Товарищ Зоя возненавидела меня с первого взгляда и не скрывала этого, не отказываясь от самых резких выражений.

— Вы, Макаренко, солдат, а не педагог. Говорят, что вы бывший полковник, и это похоже на правду. Вообще не понимаю, почему здесь с вами носятся. Я бы не пустила вас к детям.

Мне нравились кристальночистая искренность и прозрачная страсть товарища Зои, и я этого тоже не скрывал в своем обычном ответе:

— Я от вас всегда в восторге, товарищ Зоя, но только я никогда не был полковником.

К переводу колонии товарищ Зоя относилась как к неизбежной катастрофе, стучала ладонью по столу Брегель и вопила:

— Вы чемто ослеплены! Чем вас одурманил всех этот… — она оглядывалась на меня.

— …полковник, — серьезно подсказывал я.

— Да, полковник… Я вам скажу, чем это кончится: резней! Он привезет своих сто двадцать, и будет резня! Что вы об этом думаете, товарищ Макаренко?

— Я в восторге от ваших соображений, но любопытно было бы знать: кто кого будет резать?

Брегель тушила наши пререкания:

— Зоя! Как тебе не стыдно! Какая там резня!.. А вы, Антон Семенович, все шутите.

Клубок споров и разногласий катился по направлению к высоким партийным сферам, и это меня успокаивало. Успокаивало и другое: Куряж все сильнее и сильнее смердел, все больше и больше разлагался и требовал решительных, срочных мер. Куряж подталкивал решение вопроса, несмотря даже на то, что куряжские педагоги протестовали тоже:

— Колонию окончательно разлагают разговоры о переводе горьковской.

Те же воспитатали сообщали конспиративно, что в Куряже готовятся ножевые расправы с горьковцами.
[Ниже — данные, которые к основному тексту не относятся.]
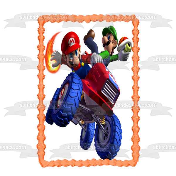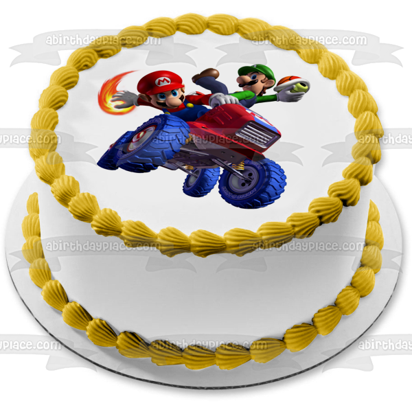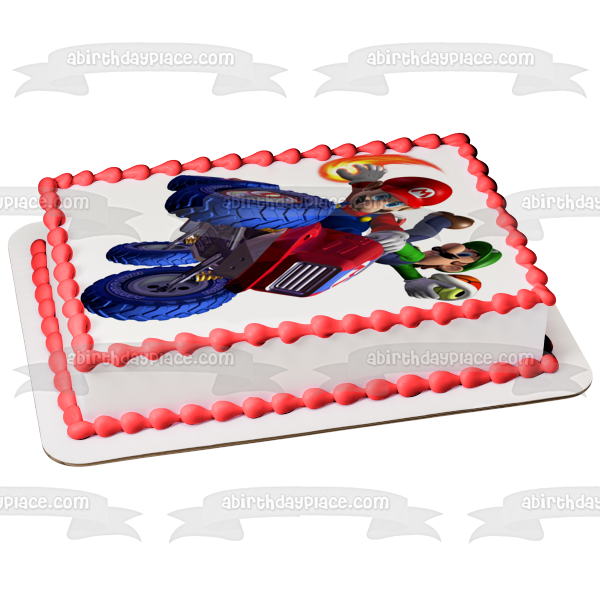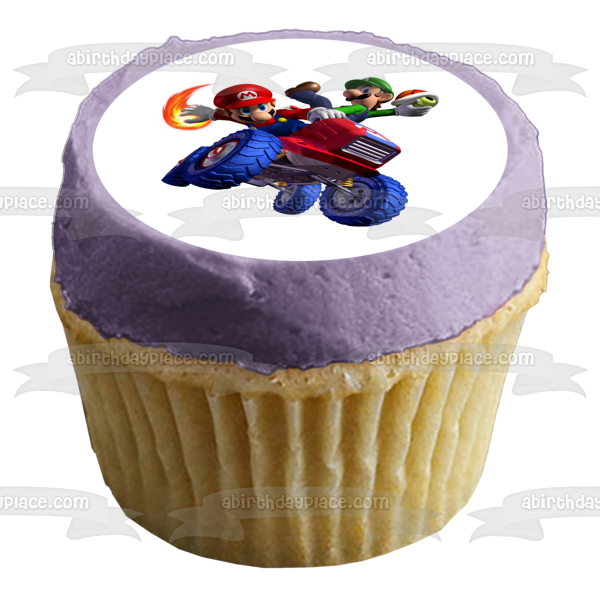 Decorate your Cake with this Mario Kart 8 themed Edible Cake Topper Image featuring Luigi and Mario!

Товарищ Зоя кричала мне в лицо:

— Видите, видите?

— Да, — отвечал я, — значит, выяснилось: резать будут они нас, а не

— Да, выясняется… Варвара, ты за все будешь отвечать, смотри! Где это видано? Науськивать друг на друга две партии беспризорных!

Наконец, меня вызвали в кабинет высокой организации. Бритый человек поднял голову от бумаг и сказал:

— Садитесь, товарищ Макаренко.

В кабинете были Джуринская и Клямер.

Я уселся.

Бритый негромко спросил:

— Вы уверены, что с вашими воспитанниками вы одолеете разложение в Куряже?

Я, вероятно, побледнел, потому что мне пришлось прямо в глаза, в ответ на честно поставленный вопрос солгать:

— Уверен.

Бритый пристально на меня посмотрел и продолжал:

— Теперь еще один технический вопрос — имейте в виду, товарищ Клямер, технический, а не припнципиальный, — скажите, коротко только, почему вам нужно не сорок воспитателей, а пятнадцать, и почему вы против оклада в сорок рублей?

Я подумал и ответил:

— Видите ли, если коротко говорить: сорок сорокарублевых педагогов могут привести к полному разложению не только коллектив беспризорных, но и какой угодно коллектив.

Бритый вдруг откинулся на спинку кресла в открытом закатистом смехе и, показывая пальцем, спросил сквозь слезы:

— И даже коллектив, состоящий из Клямеров?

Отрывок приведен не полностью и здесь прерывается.